Spiraea japonica 'Anthony Waterer'

Spiraea japonica 'Genpei Schirobana'

czwartek, 28 czerwca 2012

Niepozorny, ale wyborny

"Nagietek niewielki jak łokietek
Z kwiatami pomarańczowymi
Od czerwca do października
Leczy więdnie usycha
Myśli o cudzej chorobie
Zapomina o sobie"
Autor: ks. Jan Twardowski

Nagietek lekarski (Calendula officinalis) - za ludowym przysłowiem można powiedzieć - niepozorny, ale wyborny.

Ten jednoroczny kwiatek o zróżnicowanej budowie koszyczków kwiatowych - pojedynczych, półpełnych, pełnych i płatkach od barwy jasnożółtej do ciemnopomarańczowej, jest cenną roślinką leczniczą i ozdobną.

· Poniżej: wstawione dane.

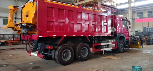多功能除雪車是在ZZ3251M3649W型6*4自卸汽車的基礎(chǔ)上,加裝除雪裝置和融雪劑撒布裝置開發(fā)研制的集多種于一身的特種用途車輛,主要用于道路除雪、運(yùn)輸積雪、渣土(污泥)清運(yùn)等作業(yè),整車結(jié)構(gòu)布局合理,操作方便、簡單、鏟雪和拋灑融雪劑的作業(yè)效率高,調(diào)節(jié)范圍廣,特別適合于國內(nèi)外城市環(huán)衛(wèi)、公路、市政等部門使用。動力強(qiáng)勁、除雪效率高。
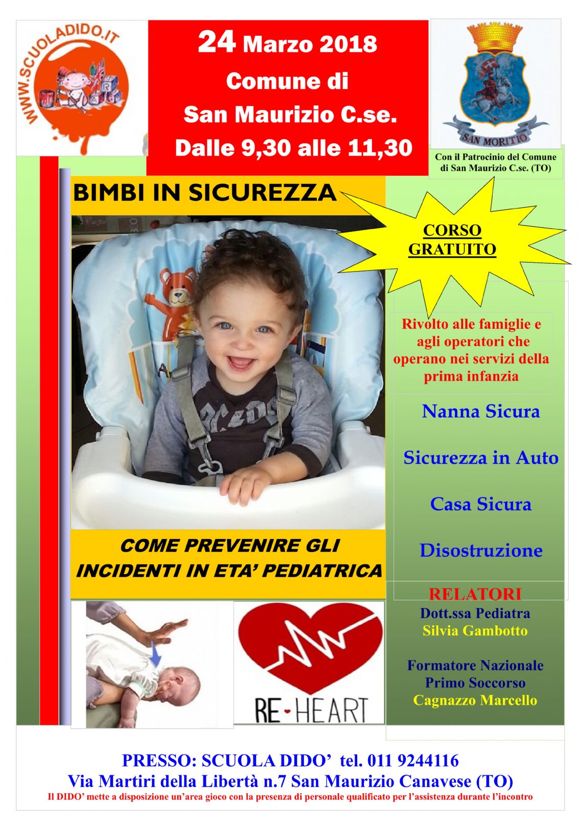 Domani mattina, sabato 24 marzo dalle 9.30 alle 11.30, presso la Scuola Didò (via Martiri della Libertà, 7) si terrà un corso-incontro sulla sicurezza dei bambini: "Come prevenire gli incidenti in età pediatrica". L'evento, patrocinato dal Comune di San Maurizio Canavese, è gratuito e rivolto alle famiglie e agli operatori dei servizi per la prima infanzia. Parteciperanno la Dottoressa Silvia Gambotto, medico pediatra, e Marcello Cagnazzo, formatore nazionale di primo soccorso.
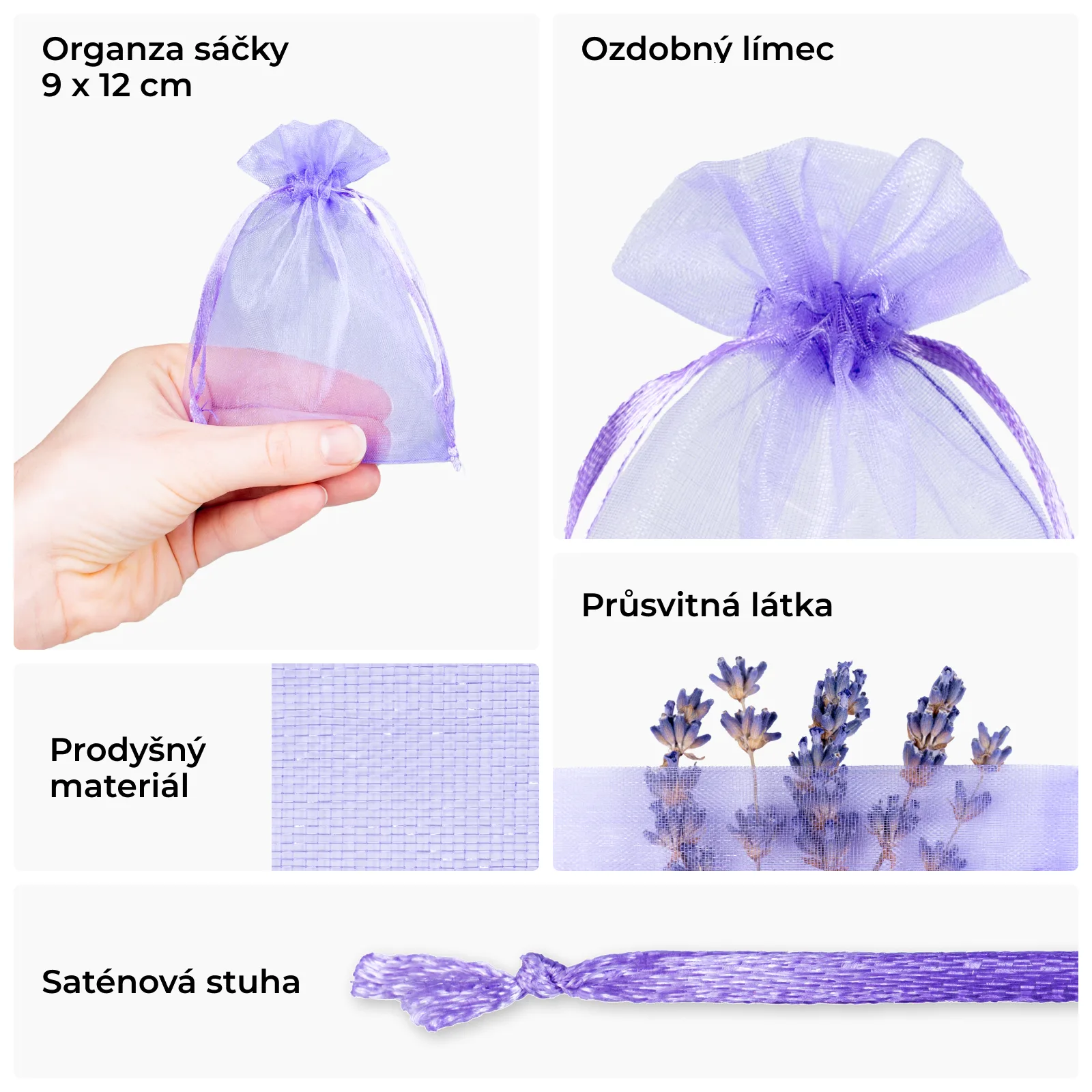 Praktické řešení pro pěstitele levandule a dárkový sortiment. Objem přibližně 12 g na pytlíček. Možnost potisku od 30 ks - logo, slogan nebo grafika ve vysoké kvalitě.

Według przekazów ludowych, nagietek służył także jako barometr. Jeżeli o godzinie 7 rano kwiatostany nie były jeszcze rozwinięte oznaczało to, że w tym dniu należało spodziewać się deszczu...


inne podawały, że jeśli przed godziną 9 rano płatki ułożone były równolegle do ziemi, dzień będzie bez deszczu...


Nie sprawdzałam tego, dla mnie ważne, że w czasie kiedy jedne kwiaty już przekwitają, a inne dopiero namyślają się kwitnąć, nagietki wprowadzają do ogrodu troszkę radosnego koloru.

wtorek, 26 czerwca 2012

Rozdzwoniły się dzwonki

"Rozdzwoniły się dzwonki
w moim ogrodzie
w kolorach różu
bieli i błękitu.
Właśnie tu jestem
i słucham dźwięcznej
białoróżowobłękitnej muzyki..."
Autor: Marianna Katarzyna

Pierwszy zakwitł Dzwonek Różowa Ośmiorniczka (Campanula Pink Octopus) - nazwany tak ze względu na wygląd kwiatków, przypominających zwisające, małe ośmiorniczki.

To bardzo oryginalna roślinka, zupełnie nieprzypominająca innych dzwonków, niewybredna i całkowicie mrozoodporna, dorastająca do około 30 cm. Kwiatki są z zewnątrz różowe, a wewnątrz nakrapiane. W pąku są skręcone spiralnie i w miarę rozwoju rozkręcają się. Dodatkowo na jednej łodyżce pojawia się ich kilkanaście.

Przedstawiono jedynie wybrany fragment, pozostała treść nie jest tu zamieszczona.